There isn't anything wrong with an M1 carbine in my book. It helps if you reload as far as the ammo goes, and you get a lot more flexibility in what bullets you want to use. Might even be able to scratch out a little more range with it.

They are fun to shoot. Enjoy it!


----------



## shotlady (Aug 30, 2012)

what a is a good 223/556 rifle that isn't ar platform?


----------



## csi-tech (Apr 13, 2013)

There are some AK 74 rifles chambered in .556 as well as several bolt guns. I like M1 Carbines. They are alot like the little Ruger Ranch Rifle/Mini 14's and 30's. They are cheap too. There was a pile of them at the gun show for around $350.00ea.


----------



## SDF880 (Mar 28, 2013)

My Mini 14 is good shooter for me and does well all I ask of it. My only recommendation is use true Ruger mags! I have had a few hic-cups with other mags.
I also have a Keltec SU-16C. A lot of folks do not like Keltec but this little rifle works for me. The rifle folds nicely for carry and mine actually fits in an oversize backpack.
This rifle also takes standard AR mags and really does shoot good for me but it is not the quality build of some higher price rifles, it is what it is!

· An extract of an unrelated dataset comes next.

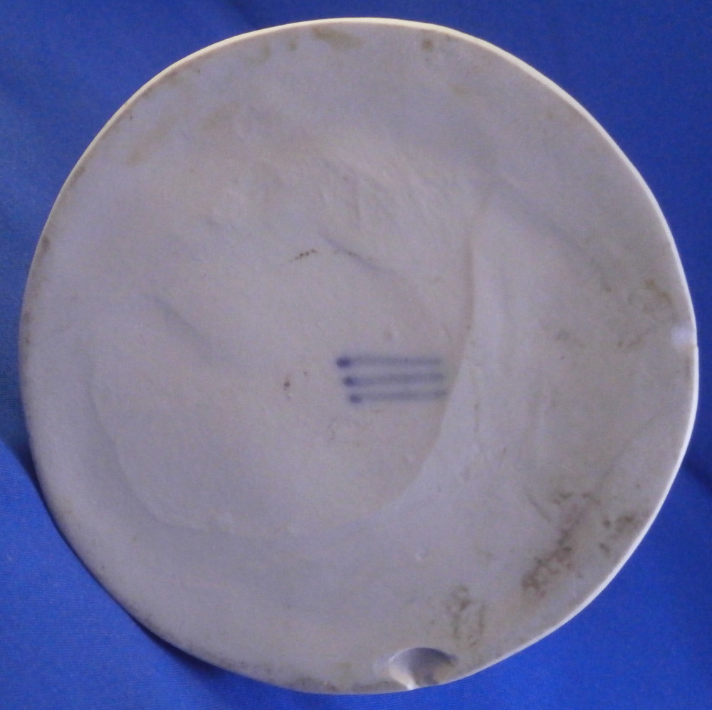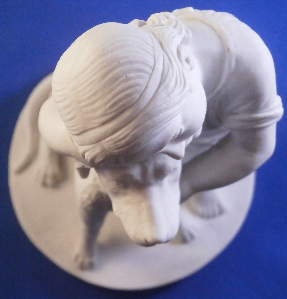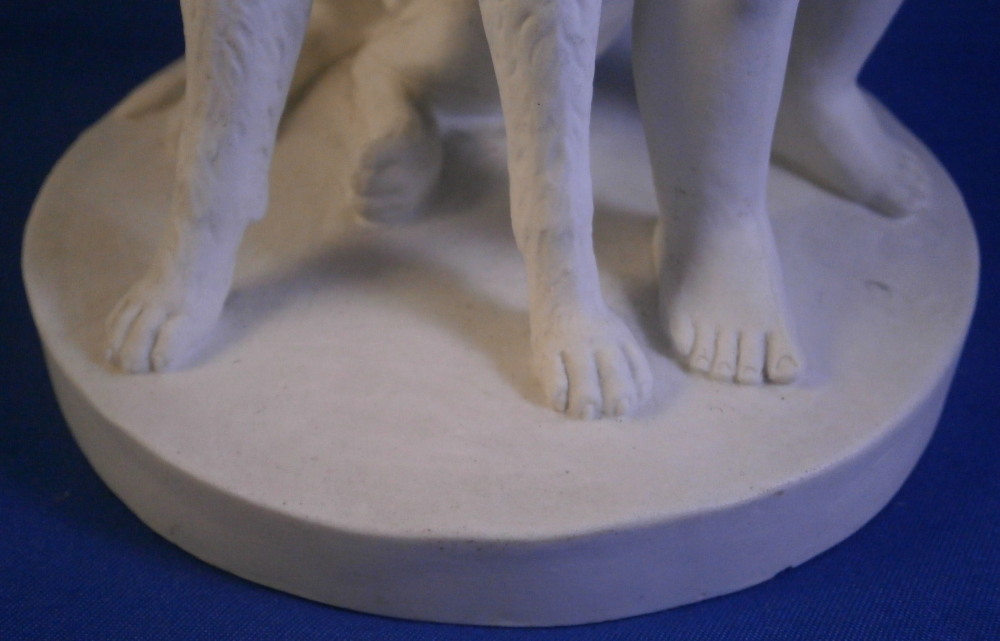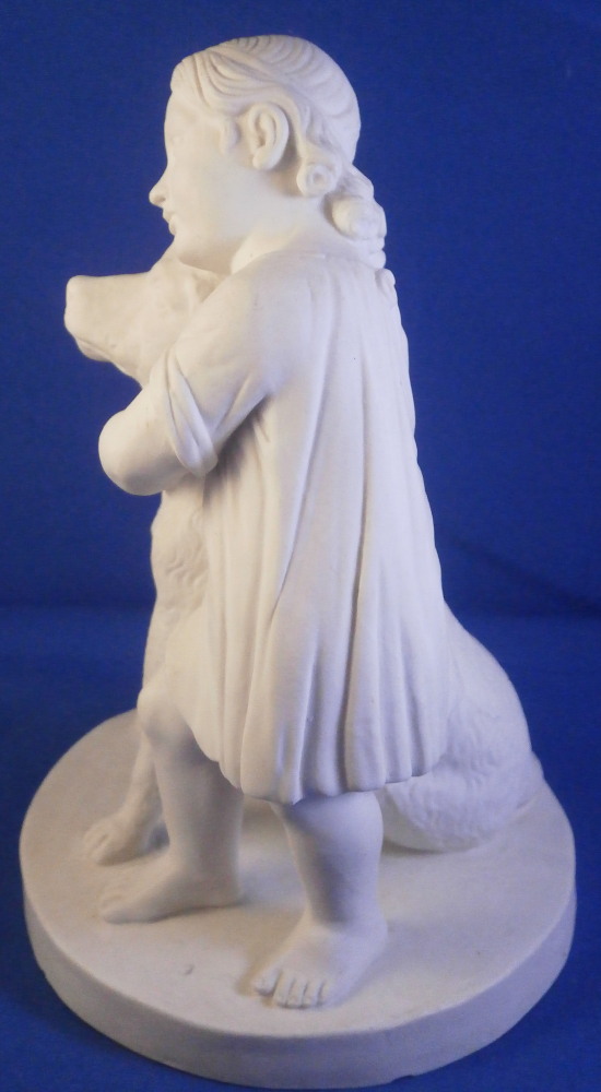 This is a superb biscuit porcelain figurine made by Royal Copenhagen in the late 19th century. It is of a young girl snuggling her rather large dog. The girl is wearing a night gown and standing next to the dog while holding his collar. The dog is sitting on the plain round base. The figure is unglazed which shows off all that amazing detail that is often hidden by the glaze. Just stuning! The piece is in great condition with a tiny chip to the underside base and a larger one. The larger one I am showing from both views - underside and side. I could not find this model anywhere so it is definitely not a common one! The bottom of the base is marked with the wavy three blue linesand the back side has the word Eneret (I think it stands for Copyright) with the letter F. under it impressed as shown. The figurine is 6.125 inches tall with the base having a diameter of 4 inches. Please email me for more information or other pictures.
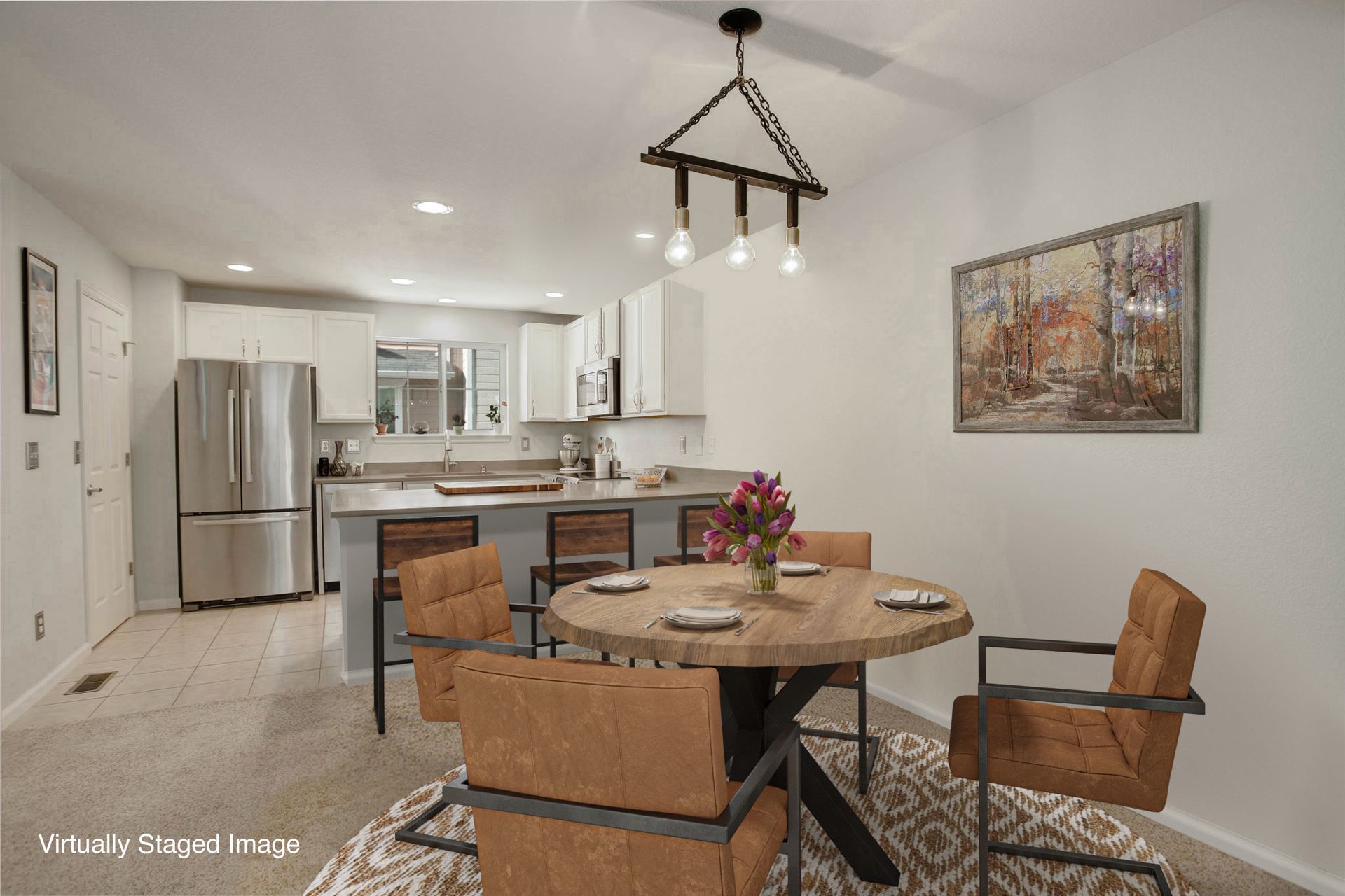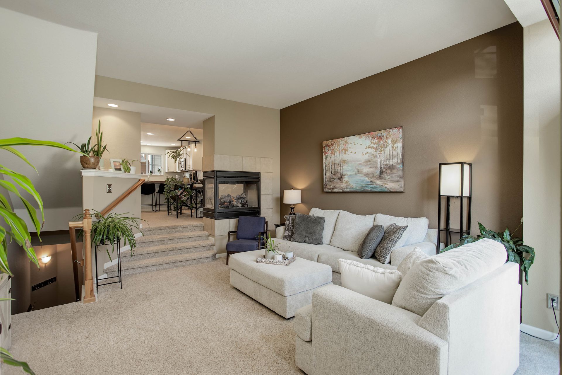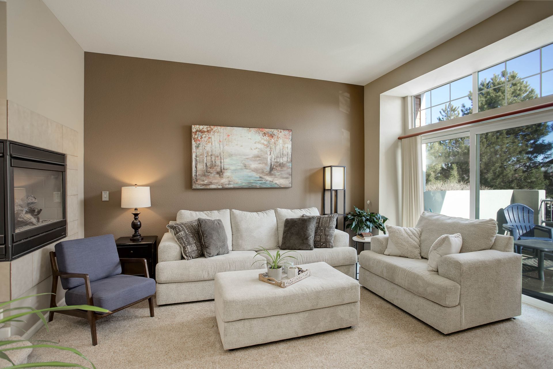 Beautiful two bedroom, three bath townhome in the sought after Reserve at Renaissance community in SW Longmont. This well maintained home features an open and inviting living area on the main level with a double-sided gas fireplace that can be enjoyed in both the living and dining rooms. The living room opens to a private front patio via a sliding glass door that brings in an abundance of natural light and allows for seamless indoor/outdoor living. Perfect for enjoying your morning coffee or a glass of wine on a beautiful Colorado evening. The updated kitchen boasts quartz counter tops, stainless steel Bosch appliances, freshly painted cabinets and a walk-in pantry. The main level half bath also features a matching quartz countertop. The upper level has two spacious bedrooms each with their own ensuite full bathrooms and a convenient upstairs laundry area. The large two car attached (tandem) garage allows for a secure entry, has plenty of room for storage and includes a utility sink and washer/dryer hookups with an additional washer/dryer set included. This contemporary townhome is designed for low maintenance living conveniently located with easy access to Boulder, Niwot and Old Town Longmont in close proximity to parks, shopping, dining, hiking and biking trails.

A co-worker just picked up a M-1 carbine and man it looks nice! I can't wait to shoot his and maybe look into getting one myself!


----------



## ekim (Dec 28, 2012)

csi-tech said:


> There are some AK 74 rifles chambered in .556 as well as several bolt guns. I like M1 Carbines. They are alot like the little Ruger Ranch Rifle/Mini 14's and 30's. They are cheap too. There was a pile of them at the gun show for around $350.00ea.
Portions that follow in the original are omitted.